Beforehand, you had to make use of the PostgreSQL psql command line instrument to work together with Amazon Redshift for easy use instances resembling importing and exporting knowledge to and from Amazon Redshift or submitting SQL in batch or interactive mode, or for superior use instances resembling performing ETL operations with out writing complicated ETL jobs.

Now you need to use Amazon Redshift RSQL, a brand new command line instrument to connect with an Amazon Redshift cluster and carry out operations resembling describe database objects, question knowledge, view and export question leads to varied output file codecs, run scripts that embrace each SQL and sophisticated enterprise logic, carry out knowledge cleaning and transformation operations utilizing acquainted SQL, and write ETL and ELT scripts utilizing enhanced management circulation and superior error dealing with. Furthermore, if you happen to’re migrating from self-managed knowledge warehousing engines resembling Teradata to Amazon Redshift and utilizing Teradata BTEQ (Fundamental Teradata Question) scripting for knowledge automation, ETL or different duties can now migrate to Amazon Redshift RSQL.

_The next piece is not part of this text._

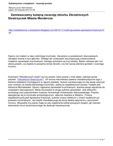 Subiektywnie o książkach - recenzja portalu Wpisany przez Administrator piątek, 09 listopada 2012 21:04 Zamieszczamy kolejną recenzję zbiorku Zbrodniczych Siostrzyczek Miasta Mordercze http://subiektywnie-o-ksiazkach.blogspot.com/2012/11/marta-guzowska-agnieszka-krawczyk.ht ml Dawno nie miałam w ręku rodzimego kryminału. Zaczytana w powieściach obyczajowych, utknęłam trochę w tym gatunku. Dlatego też ucieszyłam się propozycją zrecenzowania miejskich opowiadań kryminalnych, którego autorkami są trzy kobiety. Byłam ciekawa jaki nurt obiorą pisarki, czy będzie to poważny temat zbrodni, czy też raczej element groteski i czarnego humoru. Autorkami ?Morderczych miast? są trzy pisarki, które poszły o krok dalej i założyły portal pisarski ?Zbrodnicze Siostrzyczki?. Ich strona internetowa zawiera charakterystyczne logo z dwiema kobietami trzymającymi w rękach pistolety. Autorki zamieszczają na niej swoje recenzje oraz nowości ze świata literackiego kryminału. Jedną ze współtwórczyń portalu i książki jest Adrianna Michalewska. Oprócz napisania opowiadań kryminalnych, autorka pisuje regularnie do czasopism obyczajowych. Marta Guzowska to druga autorka opowiadań. Jest doktorem archeologi oraz pracownikiem Instytutu Archeologii Uniwersytetu Warszawskiego. Pisarka specjalizuje się w kryminale archeologicznym, obecnie mieszka w Wiedniu. Trzecią współtwórczynią jest Agnieszka Krawczyk, autorka znana niektórym z trzech wydanych już powieści kryminalnych. Jej książki charakteryzują się dużą dawką optymizmu i poczuciem humoru. Wszystkie trzy panie mają na celu wspierania kobiet piszących książki, jak również stworzenie forum przeznaczonego do dyskusji merytorycznej. 1/3 Subiektywnie o książkach - recenzja portalu Wpisany przez Administrator piątek, 09 listopada 2012 21:04 Warszawa, Kraków i Wrocław, trzy najpiękniejsze i najbardziej reprezentacyjne miasta Polski zostały wybrane przez autorki jako tło ich opowiadań nieprzypadkowo. Piękne, zabytkowe kamienice i parki kryją w sobie grozę i zbrodnię. Nawet w tak cudownych miejscach nikt nie jest bezpieczny. Marta Guzowska otwiera antologię trzema opowiadaniami dotyczącymi Warszawy. Przejedziecie się pociągiem podmiejskim, w którym pasażerowie nie są tymi na których wyglądają, znajdziecie garaż w którym dokonano morderstwa oraz przekonacie się, że segregacja śmieci nie zawsze jest bezpieczna. Kolejne trzy opowiadania to morderczy Kraków ukazany przez Agnieszkę Krawczyk. Znajdziecie w nich zbrodnie inspirowane sztukami Szekspira, morderstwo związane z nocną linią autobusową, którą rozgryza emerytowany policjant z psem o imieniu Arszenik oraz przestrogę dotycząca zapisywanie się na wycieczki z nieznajomymi sobie ludźmi. Tomik zamyka Adrianna Michalewska i jej morderczy Wrocław. Poznacie w tej części detektywa Karola Nemeca, który próbuje rozwikłać zagadkę altarzysty sprzed pięciuset laty. Jego zadaniem będzie również śledztwo dotyczące starego, neobarokowego hotelu w którym podobno straszy oraz sprawa tajemniczych zabójstw franciszkanów w postaci podpalenia. Jak widać każde opowiadanie wyróżnia się czymś innym. Marta Guzowska w przemyślany sposób dociera do czytelnika poprzez ujęcie tematu zbrodni w sposób troszkę prześmiewczy, troszkę groteskowy. Jej opowiadanie pt. ?Śmieci? jest genialne. Postacie: ucznia Komara i mordercy młodziutkiej dziewczyny są banalne, ale zarazem przyciągają uwagę czytelnika. A zakończenie tego utworu to mistrzostwo. Przy okazji tej historii przypomniały mi się odcinki kiedyś popularnego filmu odcinkowego pt.: ?Opowieści z krypty?. Ten sam klimat zawierają utwory napisane przez Martę Guzowską, zapadają w pamięć. Agnieszka Krawczyk stwarzając postać emerytowanego policjanta, który pisze kryminały i przy okazji pomaga policji rozwikłać zagadkę tajemniczych morderstw, nasunęła mi skojarzenie z typowymi kryminałami z epoki lat PRL-u. Powrót do tego specyficznego klimatu był bardzo przyjemny. Dzięki niej postanowiłam powrócić do zaczytywanych kiedyś przeze mnie nałogowo kryminałów z serii z Jamnikiem. Z trzech opowiadań zaprezentowanych przez autorkę polecam ?Nocną linię?. Dlaczego akurat ten utwór? Miejskie klimaty w połączeniu z nadkomisarzem Wroną to świetna hybryda. Morderczy Wrocław jaki przedstawiła Adrianna Michalewska ujął mnie połączeniem zbrodni z dawną historią. Okazuje się, że nie zawsze przeszłość to zapomniana historia, czasami stare dzieje dopadają teraźniejszość. W tym przypadku giną niewinni ludzie, których tajemnicze śmierci stara się wyjaśnić prywatny detektyw. Opowiadanie pt.: ?Monopol? dotyczące starego hotelu, czytane wieczorem, będąc samemu w domu, może przyprawić o gęsią skórkę. Od teraz inaczej będę patrzeć na kelnerów w zabytkowych restauracjach. I to opowiadanie wam najbardziej polecam. 2/3 Subiektywnie o książkach - recenzja portalu Wpisany przez Administrator piątek, 09 listopada 2012 21:04 Bardzo ciekawą inicjatywą jest połączenie trzech miast naszego kraju, dziewięciu opowiadań kryminalnych, tak różnych pod wieloma względami z trzema różnymi autorkami, z których każda reprezentuje inny styl pisania. Myślę, że każdy znajdzie w tych utworach coś dla siebie. A sympatycy kryminałów, tacy jak ja docenią fantazję autorek. Wiem, że nie wszyscy lubią czytać krótkie formy jakimi są opowiadania, ja też w niektórych utworach napisałabym więcej, dodała parę faktów, ubarwiła fabułę, ale czasami poznając kilka ujęć i kontekstów, łatwiej nam ocenić warsztat pisarski autora. Tak też było w przypadku tej antologii. Cieszę się, że powstała taka książka, że miejski kryminał ma jeszcze na naszym rynku wierne grono czytelników. Tym bardziej, że autorkami są kobiety. Nie będę szukać na siłę minusów, gdyż generalnie styl wszystkich trzech Pań mi w zupe

This put up explains find out how to use Amazon Redshift RSQL for ETL, knowledge cleaning and preparation, enhanced management circulation, and exception and error dealing with.

Resolution overview

Amazon Redshift RSQL permits you to connect with your Amazon Redshift cluster by way of a command line. It helps the capabilities of the PostgreSQL psql command line instrument with a further set of Amazon Redshift particular capabilities:

  • Describe properties or attributes of exterior tables in an AWS Glue catalog or Apache Hive metastore, exterior databases in Amazon RDS for PostgreSQL or Amazon Aurora PostgreSQL, and tables shared utilizing Amazon Redshift knowledge sharing
  • Use enhanced management circulation instructions resembling IF, ELSEIF, ELSE, ENDIF, GOTO, and LABEL
  • Use single sign-on (SSO) authentication utilizing ADFS, PingIdentity, Okta, Azure AD, or different SAML/JWT based mostly id suppliers (IdPs), in addition to use browser-based SAML IdPs with multi-factor authentication (MFA)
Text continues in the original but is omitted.